- Born: 27 September 1939 Srinagar
- Died: 20 July 1974 (aged 35) Mumbai
- Occupations: Film director; Screen writer; film producer;
- Years active: 1970–1974

= Avtar Krishna Kaul =

Indian director (1939–1974)

Awtar Krishna Kaul (27 September 1939 – 20 July 1974) was an Indian film director who was active between 1970 and 1974. He won the National Film Award for Best Hindi Feature Film for 27 Down (1974). Awtar was the film's screenwriter and producer. The National Film Award for Best Cinematography was awarded to Apurba Kishore Bir. It received the Ecumenical Award at the Locarno Film Festival and the Dulac Prize at the Mannheim International Film Festival. It has been screened at the Festival des 3 Continents, France; IFFI, Goa; and GES-2, Moscow.

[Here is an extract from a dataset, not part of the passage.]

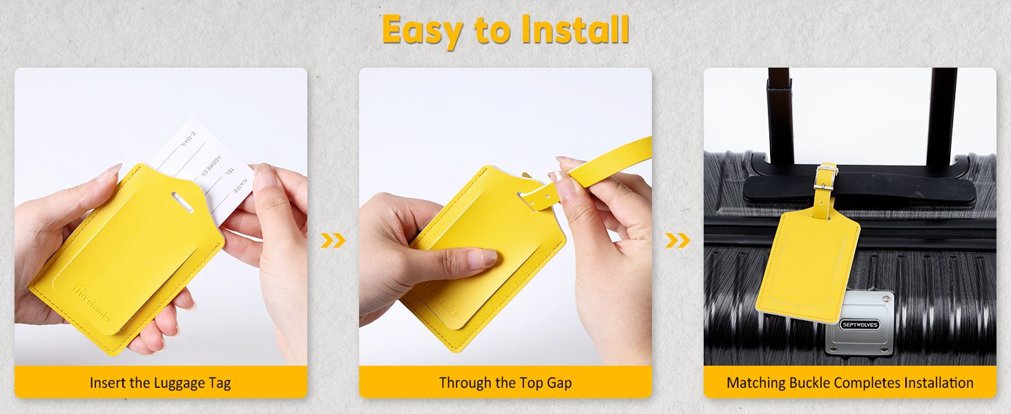 Yes, our luggage tags feature a user-friendly design for easy attachment and removal. They typically come with a secure buckle that can be quickly fastened to your luggage handles or straps, providing a hassle-free experience

In 2024, the film celebrated its golden jubilee year.

Before 27 Down, Awtar worked as an assistant director on Merchant Ivory Productions’ Bombay Talkie (1970).

==Early life==
Kaul was born on 27 September 1939, in Srinagar, Jammu and Kashmir. His family later moved to Delhi.

He initially worked for the Ministry of External Affairs, and his first posting was in Pakistan. In 1960, he was assigned to the Indian Embassy in New York. The same year, he quit his job to enroll in a diploma program in film making at the Institute of Film Techniques in New York. Thereafter, he pursued a bachelor’s degree program in filmmaking at the City University of New York from 1964 to 1968. During this time, he worked part-time, alternately as a copyeditor/typesetter (“copyholder”) for the Associated Press and as an editor at the British Information Services in New York.

==Career==
Kaul returned to India in 1970 to work on the Merchant-Ivory production Bombay Talkie. He made his debut—and only—film in 1974 on a budget of 8 lakh. Awtar covered nearly 40% of the budget, with the National Film Development Corporation (NFDC) funding the remainder.

==Personal life==
Kaul married Anne, an American, during his 14-year stay in the U.S.

==Death==
Kaul died in a drowning accident while trying to save a friend. The incident occurred in the White House Area of Walkeshwar, Mumbai, on July 20, 1974. On the same day, 27 Down was announced as the winner of two National Awards.